_Your instructions_
Please output, exactly and without pictures, the lines from the opening of the listing below through the line containing "恵比寿南三丁目交差点に向かって下ります。どこも結構工事が多いです。", both included.

── Input

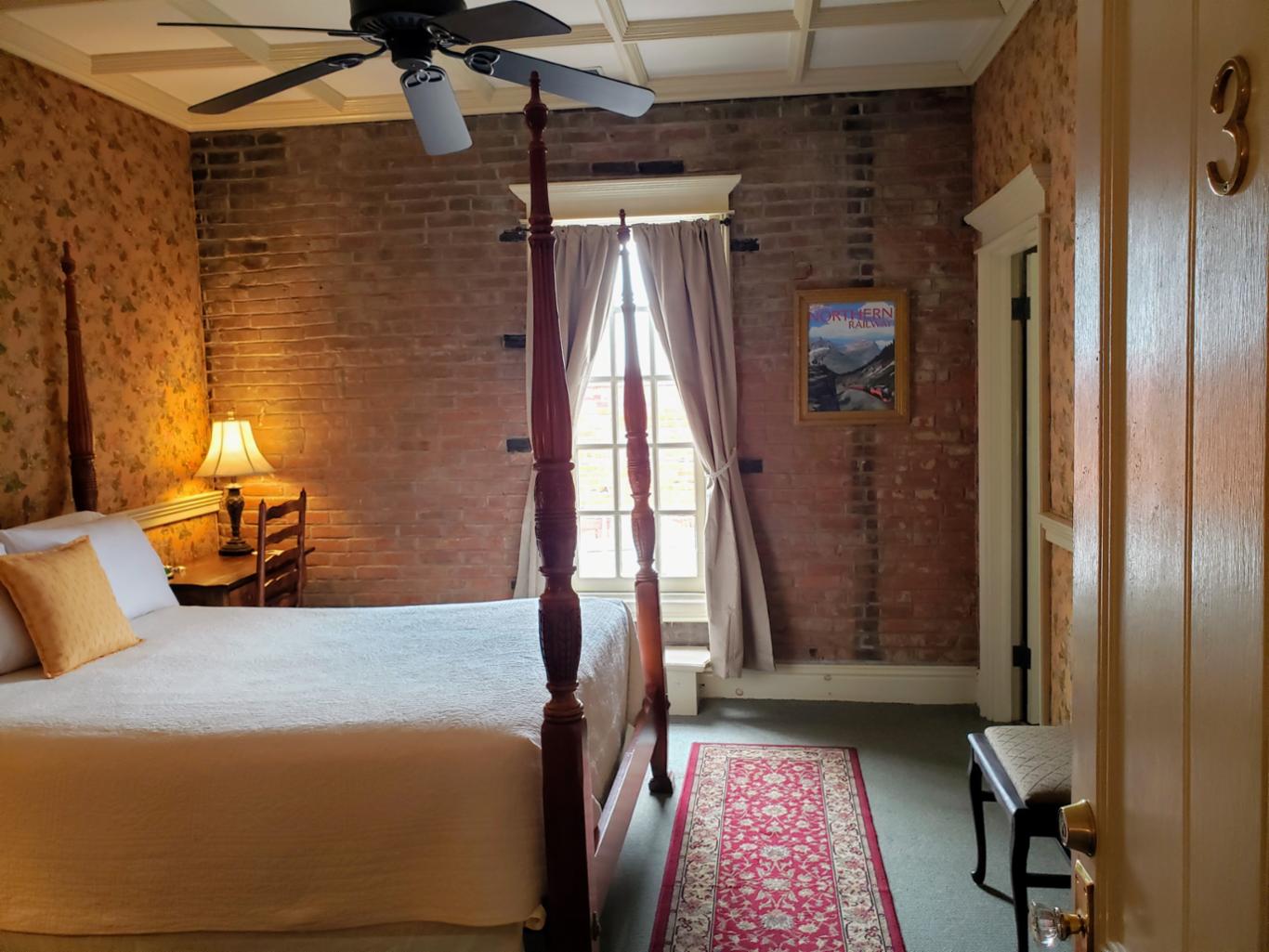 The Reading room is located in an annex building next to the original hotel and has a private entrance onto Main Street. There are 2 queen beds and private bath with clawfoot bathtub. The Reading room shares the annex building with the New Orleans room, and the two can be joined if booked together.
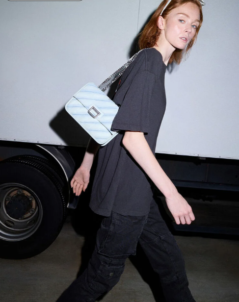 입체적인 패널 디자인과 워싱감이 돋보이는 블루-그레이 데님 소재의 네바 크로스백은 시원해 보이는 실버 체인 스트랩이 특징입니다. 길이 조절이 가능해 숄더백과 크로스백으로 활용할 수 있
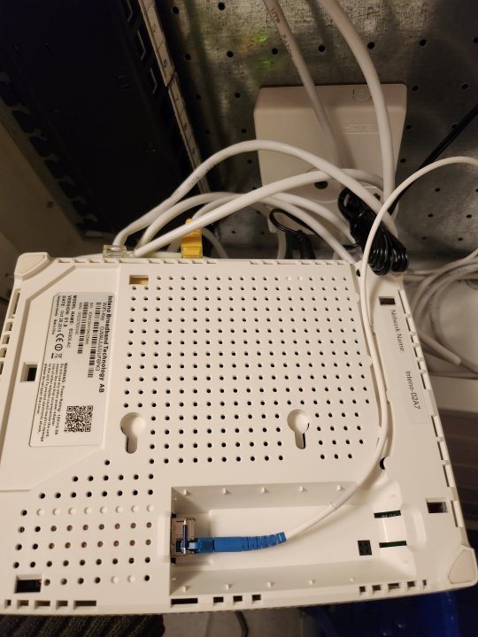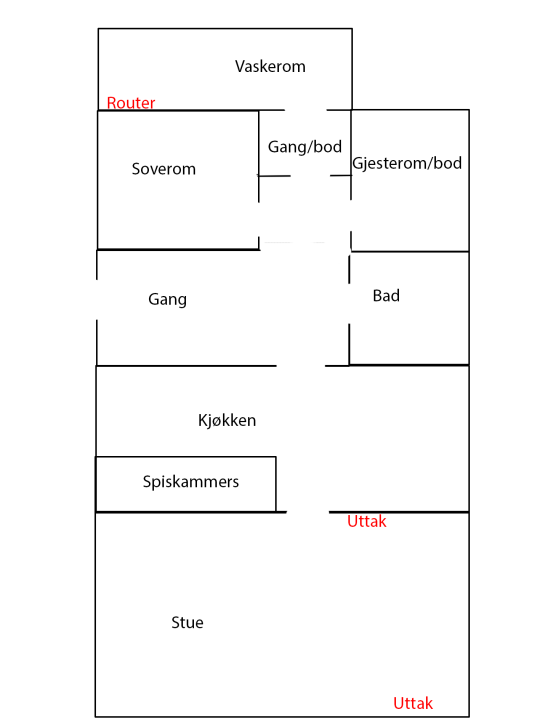 23. Jeg har ikke peiling på hva jeg snakker om så jeg tenker et bilde er enklere. Denne kan vel ikke flyttes? Slik jeg forstår det går signalene inn i denne og så deles de via kabel til de andre uttakene (i tillegg til trådløst som ikke rekker frem dit jeg trenger det). Edit: La ved "plantegning" av 1. etasje av hytten. Ikke tegnet etter mål. Ca 12 x 8 meter. Asus-routeren står nå ved uttaket i stuen, nærmest kjøkkenet. Gir god signalstyrke der det trengs, men er veldig ustabilt når flere bruker nett samtidig. 2 etasje er 3 soverom, et lite bad og en gang. Uttak for internett ganske midt på.
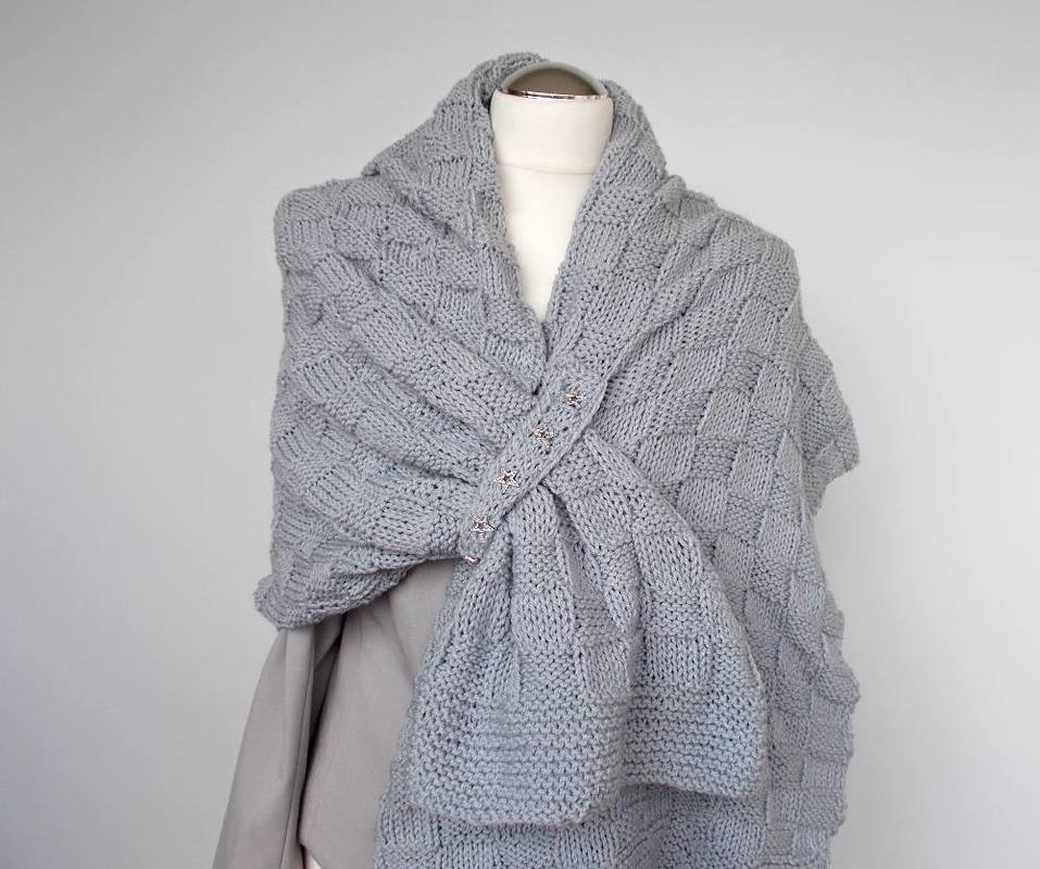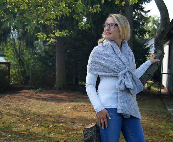 Ein gestrickter Schulterschal im attraktiven Schachbrettmuster mit raffinierter Verschlusslösung.
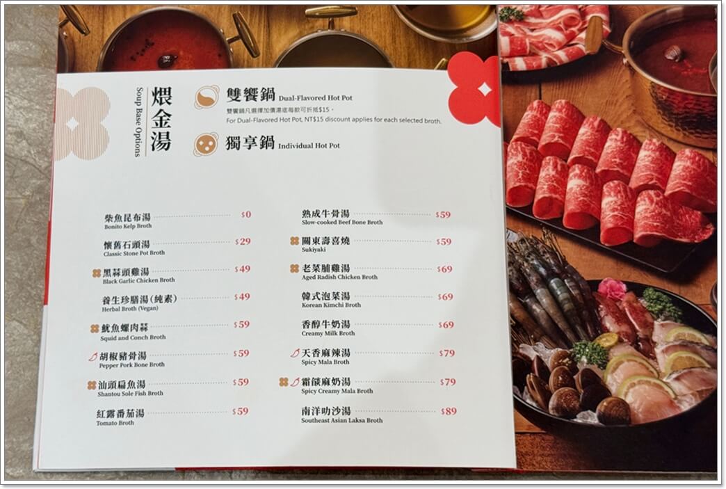桃金鍋物雖然都是個人鍋沒錯,但就算一個人來,也可以直接點鴛鴦鍋。而且他們的湯頭選擇真的很多,總共16種。
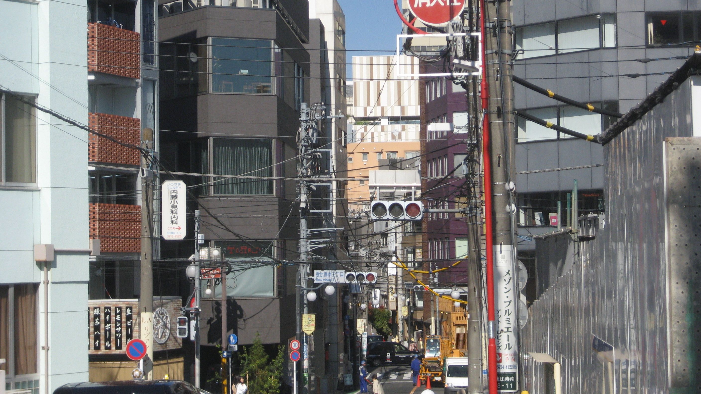 恵比寿南三丁目交差点に向かって下ります。どこも結構工事が多いです。
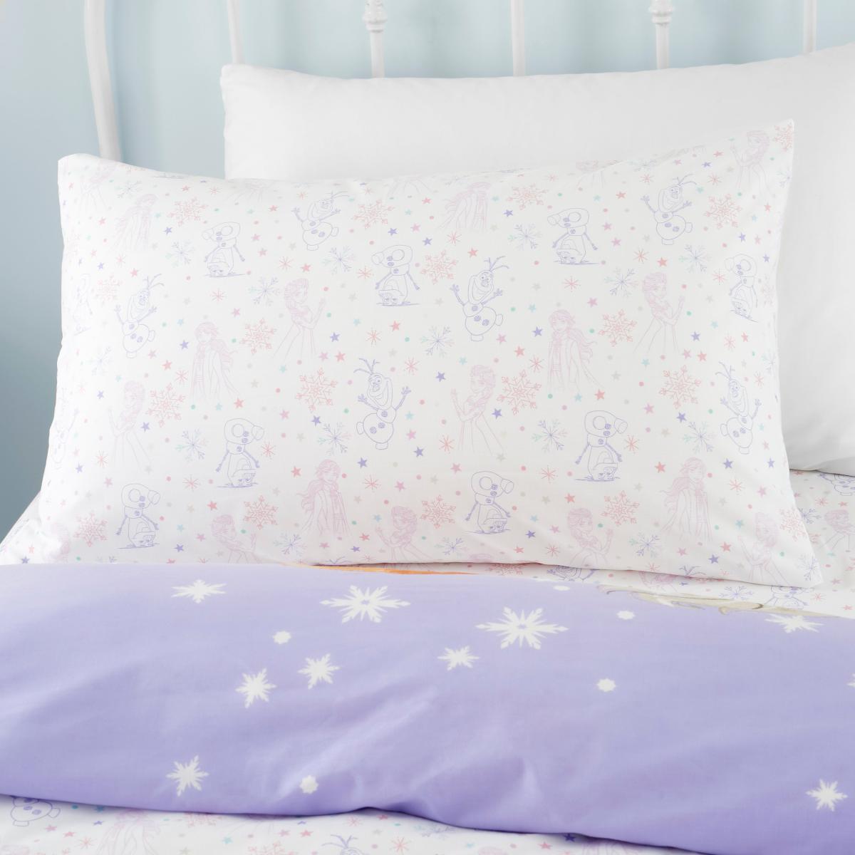 Featuring some of your favourite Frozen characters, this duvet cover set is a fun way to dress your little one's bed. A pastel Olaf print decorates the reverse of this duvet cover set. Crafted from a polycotton material, the set is easy to care for and is fully machine washable. The duvet cover set has been finished with a button closure which helps secure the cover around the duvet whilst in use. Pair the duvet cover with the matching fitted sheet for a coordinated look. This collection is verified by OEKO-TEX® and independently tested for harmful substances as well as manufactured using sustainable processes.

────

_Expected answer_
 The Reading room is located in an annex building next to the original hotel and has a private entrance onto Main Street. There are 2 queen beds and private bath with clawfoot bathtub. The Reading room shares the annex building with the New Orleans room, and the two can be joined if booked together.
 입체적인 패널 디자인과 워싱감이 돋보이는 블루-그레이 데님 소재의 네바 크로스백은 시원해 보이는 실버 체인 스트랩이 특징입니다. 길이 조절이 가능해 숄더백과 크로스백으로 활용할 수 있
 23. Jeg har ikke peiling på hva jeg snakker om så jeg tenker et bilde er enklere. Denne kan vel ikke flyttes? Slik jeg forstår det går signalene inn i denne og så deles de via kabel til de andre uttakene (i tillegg til trådløst som ikke rekker frem dit jeg trenger det). Edit: La ved "plantegning" av 1. etasje av hytten. Ikke tegnet etter mål. Ca 12 x 8 meter. Asus-routeren står nå ved uttaket i stuen, nærmest kjøkkenet. Gir god signalstyrke der det trengs, men er veldig ustabilt når flere bruker nett samtidig. 2 etasje er 3 soverom, et lite bad og en gang. Uttak for internett ganske midt på.
 Ein gestrickter Schulterschal im attraktiven Schachbrettmuster mit raffinierter Verschlusslösung.
桃金鍋物雖然都是個人鍋沒錯,但就算一個人來,也可以直接點鴛鴦鍋。而且他們的湯頭選擇真的很多,總共16種。
 恵比寿南三丁目交差点に向かって下ります。どこも結構工事が多いです。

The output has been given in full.